Global 2000 enterprises today are looking to combine complex, multi-structured data from multiple sources – including existing data repositories, on-premise and SaaS applications, and third-party data – in order to answer pressing business questions. When combining three, four, six or more sources at one time, all it takes is for one of the sources in the mix to be complex to make the entire data prep and blending process a very complex, labor-intensive headache that leaves many business stakeholders dissatisfied with the process and results. ClearStory provides the speed and flexibility that businesses need to ask and answer questions quickly based on data that is constantly evolving and in flux.
Traditional data analysis solutions were not designed for the speed, flexibility, and business user profile and skills that most enterprises now demand.

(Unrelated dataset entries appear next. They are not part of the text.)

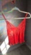 This stunning red chemise from Victoria's Secret showcases intricate lace detailing at the bust, complemented by a flowy, gathered fabric below. The lightweight, sheer material enhances its romantic allure, making it an ideal choice for intimate evenings. Its delicate spaghetti straps add a touch of elegance to this exquisite sleepwear piece.
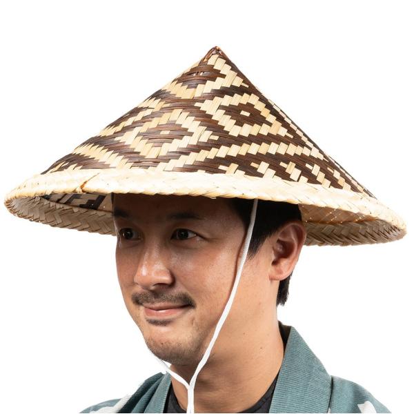 模様入り竹笠 (大人用サイズ) ゴトク・あご紐付き
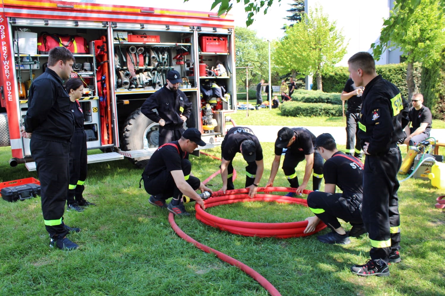 - trening ograniczania skutków wycieku substancji ropopochodnych, sprawiania kurtyn,
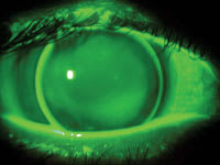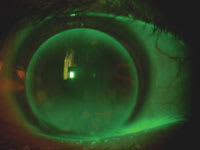 For my patient, I fit her with 9.6mm-diameter bitoric lenses with these base curves: OD 41.75/44.75, OS 42.50/45.50. Notice that I fit the flat and steep meridians a little differently; each lens is 0.50D flatter than K in the flat meridian and 1.50D flatter than K in the steep meridian. This type of bitoric fit is called low toric simulation because it mimics the way a spherical lens would fit on a cornea that has 1.00D corneal cylinder, which is ideal: It has just enough of a rocking movement for good tear exchange and smooth vertical movement with the blink. Figure 2 shows how a bitoric lens looks just like a spherical lens would on a lower-cylinder cornea (though the lens in this photo is a little steep).

Organizations struggle with accessing, preparing, combining and analyzing data due to the complexity within the data sources and the skillsets of today’s users, who are typically not data scientists or expert analysts. ClearStory’s business-optimized usability, coupled with an intelligent, machine-based approach to discovering and combining data even on large, complex sources, ensures a fast, consistent and simple experience so anyone can be self-sufficient in combining data and answering questions.

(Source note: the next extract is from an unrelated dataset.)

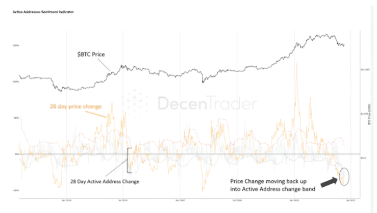 „Rovnaký signál sme zaznamenali aj včera, čo naznačuje, že cena BTC bola v porovnaní s aktívnymi adresami prepredaná. To znamená, že by sa Bitcoin mohol v priebehu nasledujúcich týždňov odraziť.”
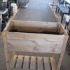 Kukkalaatikko, jossa on jalat sekä laatikon lisäksi ritilätaso alhaalla. Laatikossa mukana katekangas. Ritilätasolla voi pitää kasviruukkuja tai puutarhan työvälineitä. Kokonaiskorkeus 78 cm, laatikon sisäkorkeus 23 cm. Leveys 78 cm, syvyys 40 cm. Materiaali ruskeaksi käsitelty puu.

Key components of ClearStory’s Intelligent Data Harmonization advances include:
Granular Scoring for Alternate Blending Recommendations: The advances in Data Harmonization allow discovery and assessment of how data sources can be combined, and generate more granular alternate scores. The ClearStory system recommends distinct blending options based on these granular scores, enabling users to select the system-driven recommendation, or select alternate strategies guided by the system in a business-friendly user model.
Seamless Coupling for Infinite Data Overlap Detection (IDOD): ClearStory’s Intelligent Data HarmonizationTM advancements let users extend and expand on the recently announced Infinite Data Overlap Detection (IDOD) capability, which provides the ability to infer and harmonize data sets across unlimited categorical values for all data types. Organizations in different industries and verticals can take advantage of IDOD to automate blending of industry and company-specific data sets quickly and accurately.
Faster Performance and Scale across More Complex Data and More Users: The new harmonization advancements speed discovery, scoring and recommendations by up to 20 times when combining many sources that each may have many attributes and dimensions. Performance and scale are especially critical for organizations that have many users simultaneously accessing the same sources and harmonizing data across them to answer different questions.
“With our new advances that deliver faster, automated data preparation and granular harmonization, we’ve added more data science smarts inside our Spark-based platform,” said Tim Howes, CTO of ClearStory Data. “Everyday business users and non-expert analysts can now benefit from less frustration and time spent wrangling with large, complex data sets. Our fast data discovery, harmonization usability, and more granular recommendations let users spend more time answering urgent business questions, reaching meaningful insights, and iterating on-the-fly.”